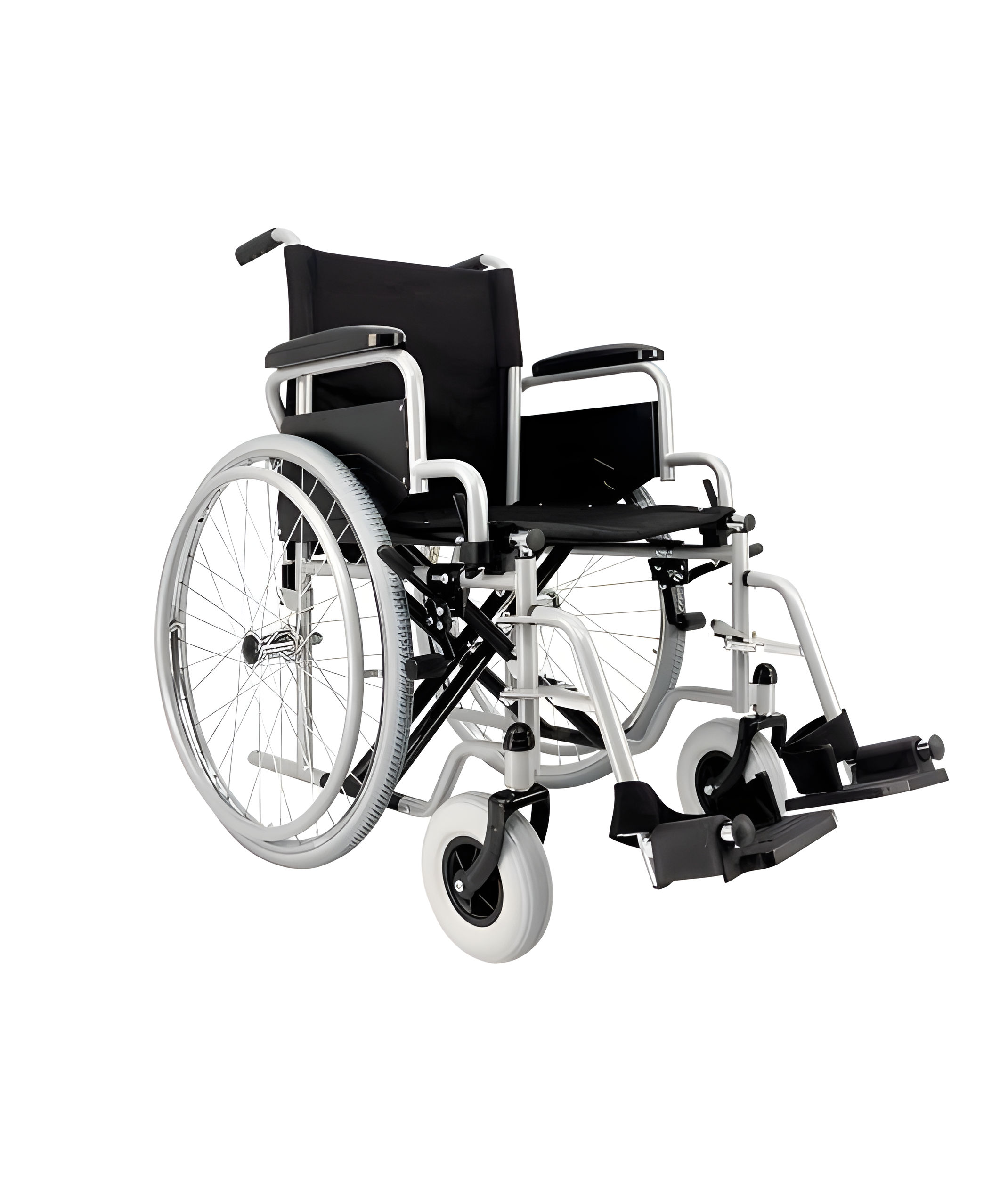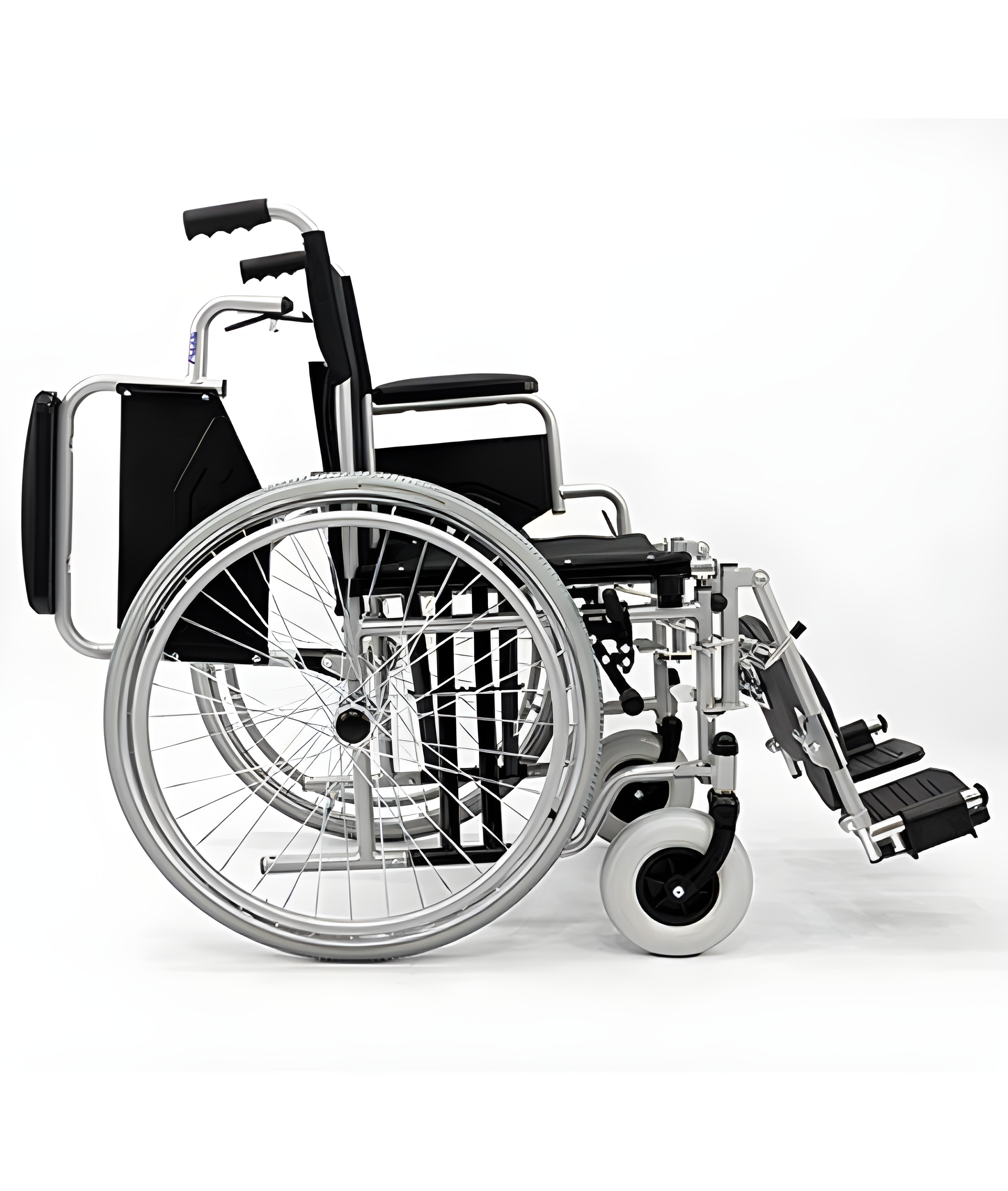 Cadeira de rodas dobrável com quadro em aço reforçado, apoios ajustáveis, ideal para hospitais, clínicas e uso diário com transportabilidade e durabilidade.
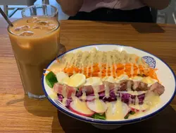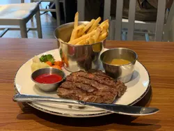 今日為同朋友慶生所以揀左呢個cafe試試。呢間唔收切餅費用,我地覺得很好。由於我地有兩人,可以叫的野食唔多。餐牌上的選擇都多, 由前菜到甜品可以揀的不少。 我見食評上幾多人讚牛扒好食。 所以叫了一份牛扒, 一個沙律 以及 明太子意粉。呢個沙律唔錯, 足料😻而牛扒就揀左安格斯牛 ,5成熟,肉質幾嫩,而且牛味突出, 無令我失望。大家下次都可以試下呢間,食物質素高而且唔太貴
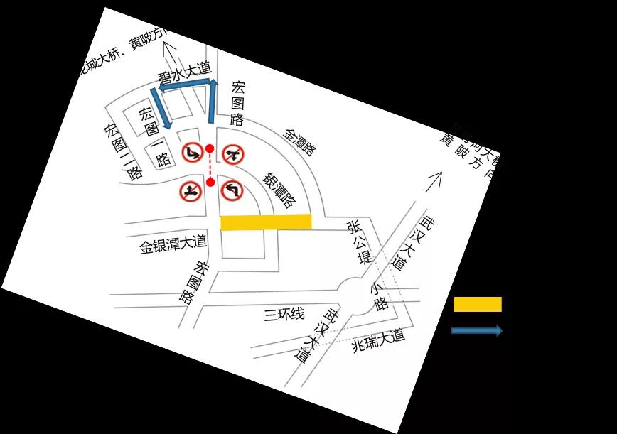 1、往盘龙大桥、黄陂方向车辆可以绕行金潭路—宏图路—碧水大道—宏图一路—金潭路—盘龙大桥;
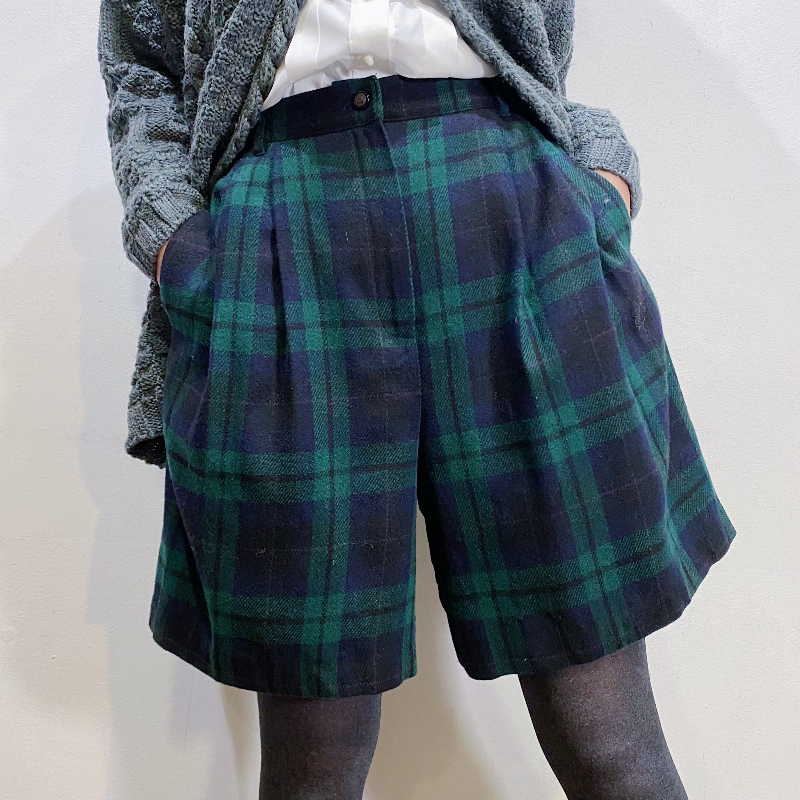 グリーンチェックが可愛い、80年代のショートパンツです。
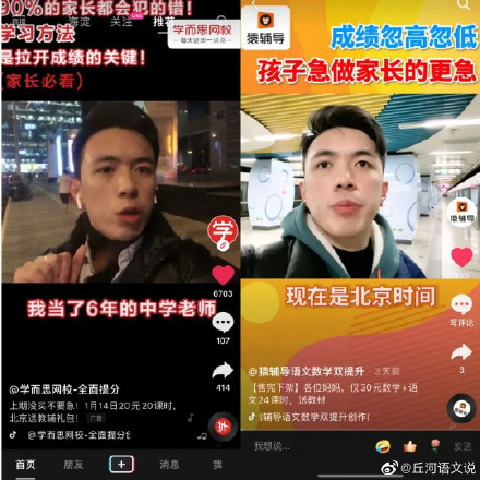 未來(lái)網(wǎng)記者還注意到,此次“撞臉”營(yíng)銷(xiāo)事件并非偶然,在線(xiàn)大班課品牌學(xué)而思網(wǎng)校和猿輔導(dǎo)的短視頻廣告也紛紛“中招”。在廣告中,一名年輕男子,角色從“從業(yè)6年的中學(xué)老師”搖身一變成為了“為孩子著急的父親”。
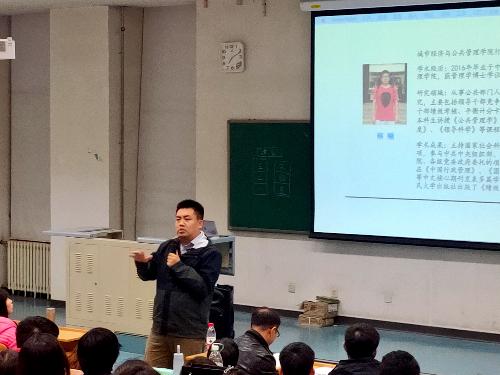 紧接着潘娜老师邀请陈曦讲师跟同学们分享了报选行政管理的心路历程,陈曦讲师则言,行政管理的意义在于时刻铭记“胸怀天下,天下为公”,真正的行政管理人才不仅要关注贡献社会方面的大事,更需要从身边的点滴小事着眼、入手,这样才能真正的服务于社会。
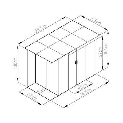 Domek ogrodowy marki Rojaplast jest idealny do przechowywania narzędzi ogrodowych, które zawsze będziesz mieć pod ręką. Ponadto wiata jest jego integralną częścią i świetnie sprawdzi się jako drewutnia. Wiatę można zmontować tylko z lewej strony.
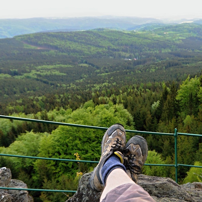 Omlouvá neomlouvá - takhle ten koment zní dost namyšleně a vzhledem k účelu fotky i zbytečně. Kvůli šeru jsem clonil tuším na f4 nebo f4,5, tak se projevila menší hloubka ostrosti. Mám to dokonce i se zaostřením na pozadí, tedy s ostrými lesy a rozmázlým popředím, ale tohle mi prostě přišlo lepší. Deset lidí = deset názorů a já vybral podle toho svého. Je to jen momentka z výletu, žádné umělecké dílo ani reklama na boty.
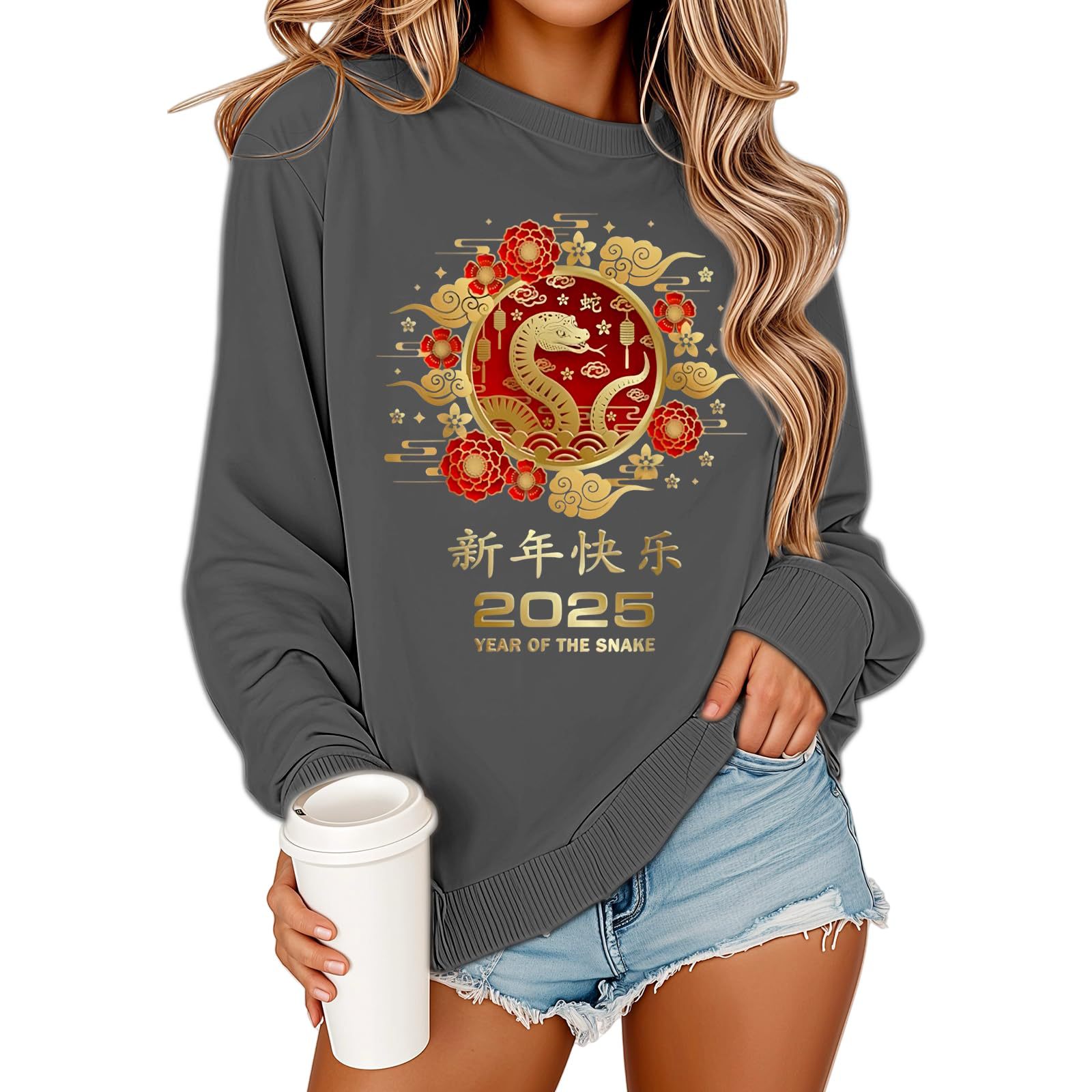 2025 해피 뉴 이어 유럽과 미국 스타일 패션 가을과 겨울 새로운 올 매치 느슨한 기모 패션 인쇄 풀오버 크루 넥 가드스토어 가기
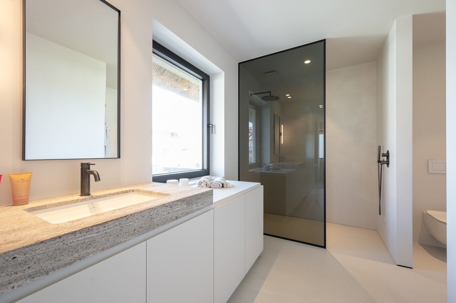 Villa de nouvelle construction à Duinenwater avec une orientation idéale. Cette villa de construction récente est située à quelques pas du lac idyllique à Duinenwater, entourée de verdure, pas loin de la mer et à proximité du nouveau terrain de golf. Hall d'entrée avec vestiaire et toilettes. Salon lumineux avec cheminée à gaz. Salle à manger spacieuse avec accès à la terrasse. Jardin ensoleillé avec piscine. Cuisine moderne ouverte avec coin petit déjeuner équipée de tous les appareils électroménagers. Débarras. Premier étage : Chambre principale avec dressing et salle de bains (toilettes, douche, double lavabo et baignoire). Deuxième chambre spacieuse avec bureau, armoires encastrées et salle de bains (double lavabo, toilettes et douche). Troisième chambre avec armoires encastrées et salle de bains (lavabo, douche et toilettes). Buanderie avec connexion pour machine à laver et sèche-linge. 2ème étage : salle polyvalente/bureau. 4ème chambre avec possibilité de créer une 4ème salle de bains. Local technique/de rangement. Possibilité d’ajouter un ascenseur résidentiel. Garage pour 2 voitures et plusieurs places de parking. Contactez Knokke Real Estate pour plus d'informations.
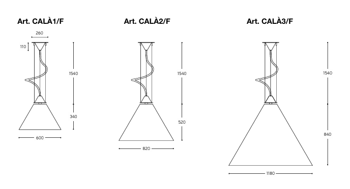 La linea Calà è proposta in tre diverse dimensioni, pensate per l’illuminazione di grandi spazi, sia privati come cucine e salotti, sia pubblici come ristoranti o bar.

________

— Task details —
Write out the records above exactly. Begin with the first line, end with the line holding "Domek ogrodowy marki", and drop the pictures.

— Answer box —
 Cadeira de rodas dobrável com quadro em aço reforçado, apoios ajustáveis, ideal para hospitais, clínicas e uso diário com transportabilidade e durabilidade.
 今日為同朋友慶生所以揀左呢個cafe試試。呢間唔收切餅費用,我地覺得很好。由於我地有兩人,可以叫的野食唔多。餐牌上的選擇都多, 由前菜到甜品可以揀的不少。 我見食評上幾多人讚牛扒好食。 所以叫了一份牛扒, 一個沙律 以及 明太子意粉。呢個沙律唔錯, 足料😻而牛扒就揀左安格斯牛 ,5成熟,肉質幾嫩,而且牛味突出, 無令我失望。大家下次都可以試下呢間,食物質素高而且唔太貴
 1、往盘龙大桥、黄陂方向车辆可以绕行金潭路—宏图路—碧水大道—宏图一路—金潭路—盘龙大桥;
 グリーンチェックが可愛い、80年代のショートパンツです。
 未來(lái)網(wǎng)記者還注意到,此次“撞臉”營(yíng)銷(xiāo)事件并非偶然,在線(xiàn)大班課品牌學(xué)而思網(wǎng)校和猿輔導(dǎo)的短視頻廣告也紛紛“中招”。在廣告中,一名年輕男子,角色從“從業(yè)6年的中學(xué)老師”搖身一變成為了“為孩子著急的父親”。
 紧接着潘娜老师邀请陈曦讲师跟同学们分享了报选行政管理的心路历程,陈曦讲师则言,行政管理的意义在于时刻铭记“胸怀天下,天下为公”,真正的行政管理人才不仅要关注贡献社会方面的大事,更需要从身边的点滴小事着眼、入手,这样才能真正的服务于社会。
 Domek ogrodowy marki Rojaplast jest idealny do przechowywania narzędzi ogrodowych, które zawsze będziesz mieć pod ręką. Ponadto wiata jest jego integralną częścią i świetnie sprawdzi się jako drewutnia. Wiatę można zmontować tylko z lewej strony.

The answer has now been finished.